Featured Fem | Meet Teow Lim Goh

Author PhotoTeow Lim Goh is the author of Islanders (Conundrum Press, May 2016), a book of poems on the history of the Angel Island Immigration Station. Her writing has appeared in PANK, The Toast, Guernica, The Rumpus, Winter Tangerine Review, and Open Letters Monthly, among other publications. She also makes letterpress and art editions of poetry and other writings at her imprint Black Orchid Press. She lives in Denver.

Fem: Tell us about Islanders.

Teow Lim Goh: Between 1910 and 1940, Chinese immigrants to America were detained at the Angel Island Immigration Station in the San Francisco Bay. As they waited for weeks and months to know if they could land, some of them wrote poems on the walls. All the poems we have on record were found in the men’s barracks: the women’s quarters were destroyed in a fire.

Islanders imagines the lost voices of the detained women. It also tells stories of their families on shore, the staff at Angel Island, and the 1877 San Francisco Chinatown Riot. A blend of fact and fiction, politics and intimacy, these poems chronicle a forgotten episode in American history and prefigure today’s immigration debates.

F: What was your motivation for writing it?

TLG: Several years ago, I went to Angel Island when I was in San Francisco to visit friends. At that time, I was just beginning to take myself seriously as a writer. I was also looking for subjects for my work.

I struggled with whether I could and should be an artist. I felt an urgency to write. I’m with Joan Didion, “I write entirely to find out what I’m thinking, what I’m looking at, what I see and what it means. What I want and what I fear.” But I was also brought up to think of art as a luxury and frivolity.

And I had dealt with visa issues. In the years before the 2008 crash, there were far more applicants than there were available work visas. Congress refused to raise the cap and USCIS held a lottery to determine which applications to review. I won the lottery, but I knew my future was determined on such arbitrary grounds.

All of that came together when I went to Angel Island and saw the poems on the walls. I don’t understand Chinese very well, but I felt the desolation and despair in the words. I saw that art is a means of survival. In a way, the Angel Island poems gave me permission to be a writer. I started writing about it – some of my earliest publications are essays on Angel Island – but it took another three years before I realized I had a book.

F: Why was it important for you to imagine and tell the stories of these women?

TLG: There are no known records of poems written by the women. For a long time, historians believed it was because the women were illiterate; many Chinese families educated their boys but not their girls. But this presumption ignores the obvious: the women’s barracks burned down in the fire that eventually closed the immigration station.

I’m interested in erasure. Who gets to speak? Whose stories are preserved and whose are lost to history? When I read that some female detainees said they saw poems on their walls, I wondered: who were these women who could read and write? What does it mean to write in a culture that seeks to silence you? In imagining these stories, I could explore these questions.
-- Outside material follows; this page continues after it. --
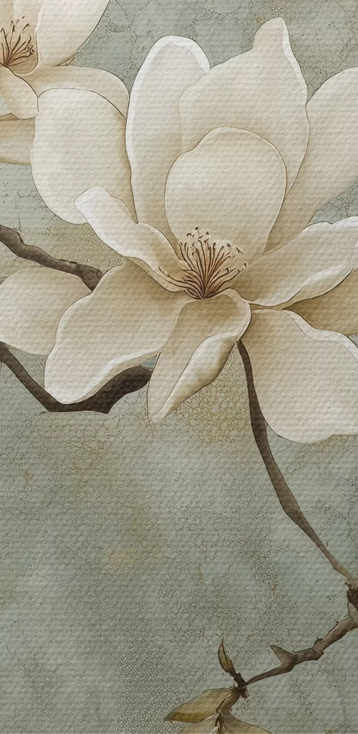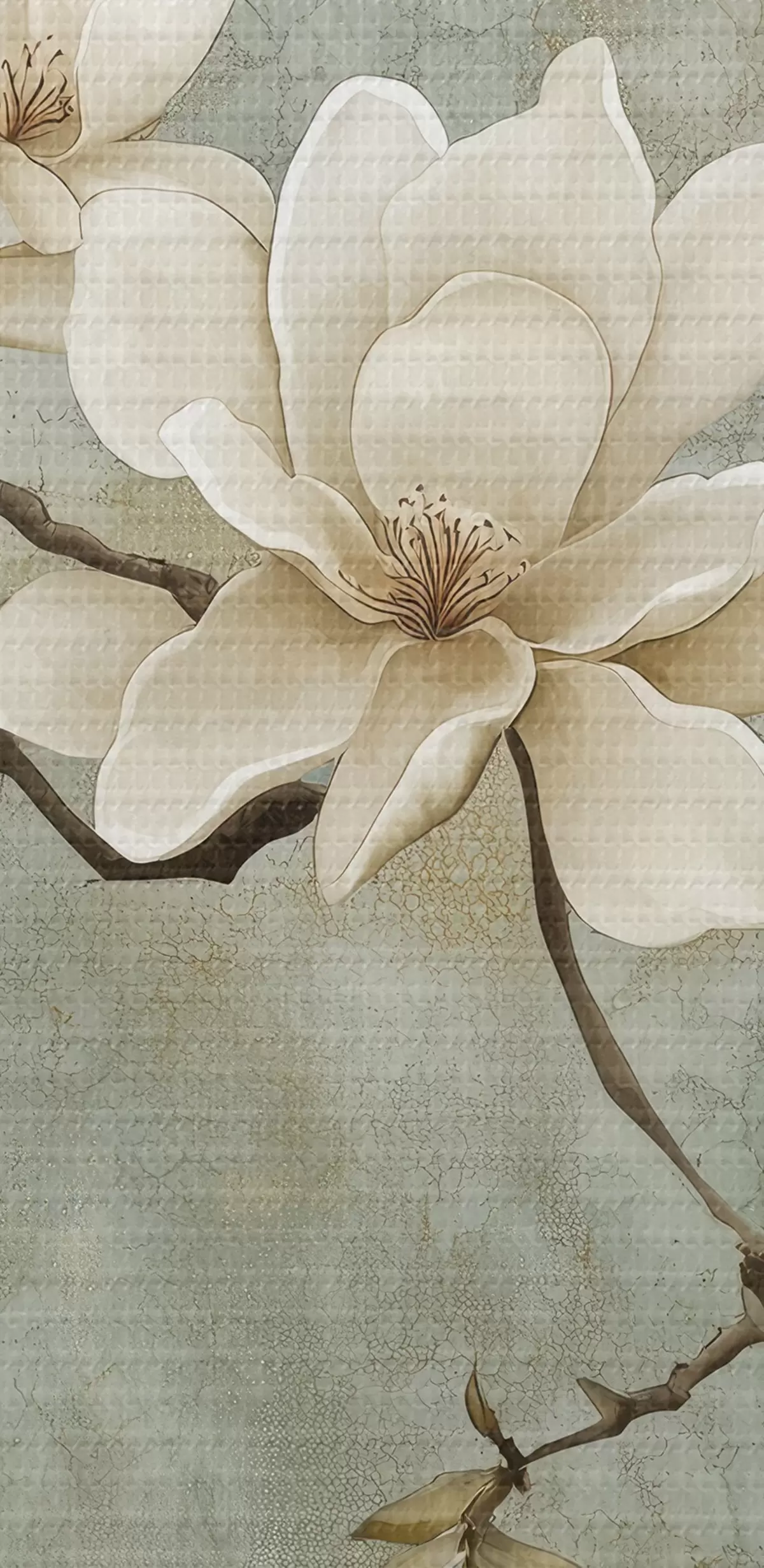 Okrągły obraz Gałązka magnolii na pastelowym grunge'owym tle Nr r43322
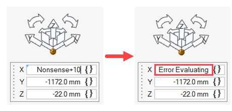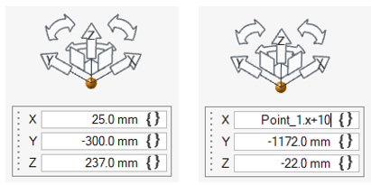 モーション解析のエンティティ(ポイント、ボディ、ブッシュ、スプリングダンパ、荷重など)の入力フィールドには、式を含めることができます。これらのフィールドは、プロパティエディター、ガイドパネル、またはマイクロダイアログで利用可能であり、多くの場合、中括弧アイコン

F: What is the writing process like for a project like this that involves so much history?

TLG: Last summer I was in a workshop with Martha Collins, who writes deeply researched poetry books on race in America. She reminded me that when we write from history, we have to fill our minds with information on the places and events. When we write from our own lives, we already have that knowledge.

I thought I was going to write a book of essays. And I had been reading a lot of histories of the American West and of Chinese immigrants in America, not all directly for writing projects. By the time I had the idea to write poems from the women’s point of view, I already knew a lot of this history and the poems came pretty quickly.

F: Who are your literary inspirations?

TLG: I learned to write about place from Rebecca Solnit, in particular her books Savage Dreams and Storming the Gates of Paradise. She writes about the complex histories of the American West – nuclear testing, Indian wars, the Mexican border, among others – while extolling the pleasures of its landscapes. She showed me how to write about atrocities in the face of joy and beauty.

Four years ago, I read Lidia Yuknavitch’s memoir The Chronology of Water and took her online Ecstatic States class. Both the book and the class opened something in me. I began to explore the possibilities of writing from desire. Lidia showed me the permission I needed to give myself to write from the corporeal experience. The first seeds of Islanders were planted in her class.

Natasha Trethewey’s Native Guard, especially the titular poem, has been important to my thinking about historical erasures. And I had the idea to imagine the voices of the female detainees when I read her first book Domestic Work, in which she imagines her grandmother’s experiences as a working-class black woman in the South.

Lately I have been reading Muriel Rukeyser, Carolyn Forché, Louise Glück, Mary Gaitskill, and Clarice Lispector, among others.